Weiss engineered zebrafish to contain either extra CRKL genes or a mutant BRAF gene. After several months, he noticed something intriguing: Most of the fish with the CRKL genes developed tumors on their fins, rather than on their bodies. Remarkably, the CRKL genes behaved the same way in the fish as they did in their patient.
That’s when the team started focusing on the evolutionary relationship between fish fins and human hands and feet.
From Fins to Feet (and Paws and Claws)
Humans and other four-limbed animals are known as tetrapods. Tetrapod limbs evolved from fish fins about 425 million years ago — when water-dwelling creatures were taking their first tentative steps onto land.
Recent research has shown that the genes for making tetrapod limbs are the same as those that build fish fins. “This shared evolutionary history helps explain how you can take a human cancer gene, put it in a fish, and have it cause cancer in the same place as the human,” Weiss says.
Why is CRKL more likely to cause cancer in fins and limbs over other parts of the body? Dr. White’s team hypothesized that perhaps the CRKL protein synergizes with the genes for positional identity in these areas. To find out, they looked at which genes were turned on in this tissue compared with body tissue. They found a striking difference: One set of HOX genes were active in fins, while another set were active in the body.
HOX genes are well-known for influencing the development of an organism’s body plan across a wide range of species, from fish to fruit flies to humans. They help determine that a fish’s fins form on the body rather than on the head, for example.
Could CRKL be causing cancer in limbs because it synergizes with the HOX genes specifying limb positional identity? It seemed a strong possibility. To find out, they did further experiments in which they used the genome-editing tool CRISPR to interrupt this limb positional identity program. This intervention prevented the development of acral melanoma, even in fish with an amplified CRKL gene.
Location, Location, Location
This latest research adds to growing awareness among scientists of why DNA mutations by themselves don’t always lead to cancer. In previous research published earlier this year, Dr. White and colleagues at SKI showed that the ability of a BRAF mutation in a cell to cause melanoma depended on the developmental state of that cell.
This new work now pushes forward the idea of oncogenic competence in an entirely new direction: the effect that location plays in influencing whether a particular mutation will lead to cancer or not.

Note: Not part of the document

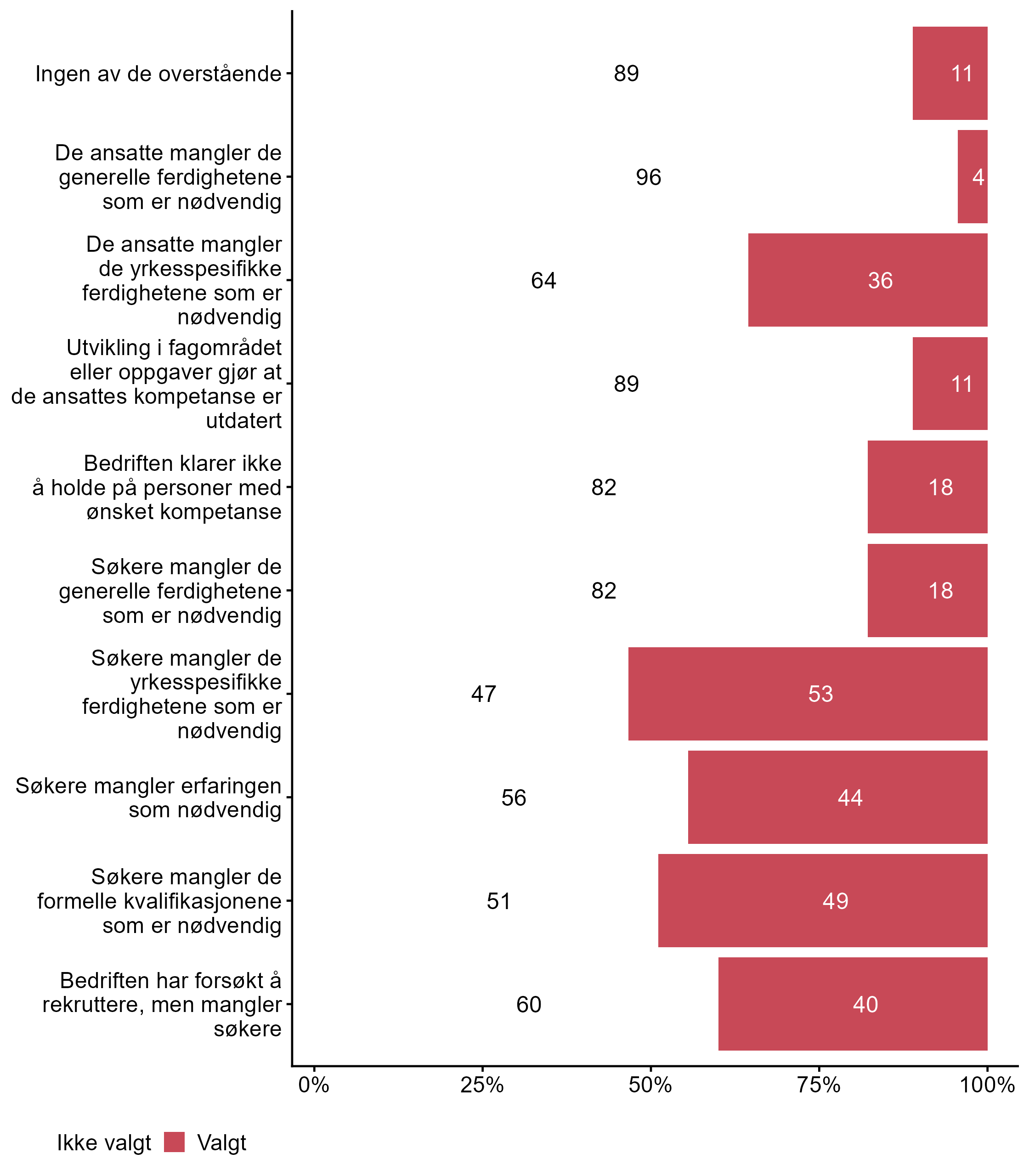 For Søkere mangler de formelle kvalifikasjonene som er nødvendig har målgruppen en høyere andel respondenter (0,49) enn alle andre (0,37) som svarte Valgt. Flere respondenter svarte Valgt på Søkere mangler de yrkesspesifikke ferdighetene som er nødvendig i målgruppen (0,53) enn for alle andre (0,42). Flere respondenter svarte Valgt på De ansatte mangler de yrkesspesifikke ferdighetene som er nødvendig i målgruppen (0,36) enn for alle andre (0,21).

“Not only can a DNA mutation behave differently depending on the type of cell it finds itself in, but different parts of the body are susceptible to different mutations because of their hardwired positional identity,” Dr. White says.
He adds that there are “almost immediate therapeutic implications” of the findings.
Opening Doors for New Treatments
The typical way of treating cancer is to target a mutated gene with a drug, for example, when a person with a BRAF mutation is prescribed the targeted drug vemurafenib.
But if oncogenic competence — the ability of genes to cause cancer — is also dependent upon position, then it stands to reason that blocking those positional cues in those cells could blunt cancer development.
“It leads to the interesting idea that instead of only treating the oncogene, what you’re really treating is the position,” he says. “We can potentially treat patients who have these tumors based on their anatomic location.”
The lab is currently in the process of screening for drugs that can block these positional cues. The plan is to have them available for their original patient with acral melanoma should she experience a recurrence.
This research into the role of location in cancer development is an example of the sort of work that MSK’s new Kravis Cancer Ecosystems Project will support in the coming years.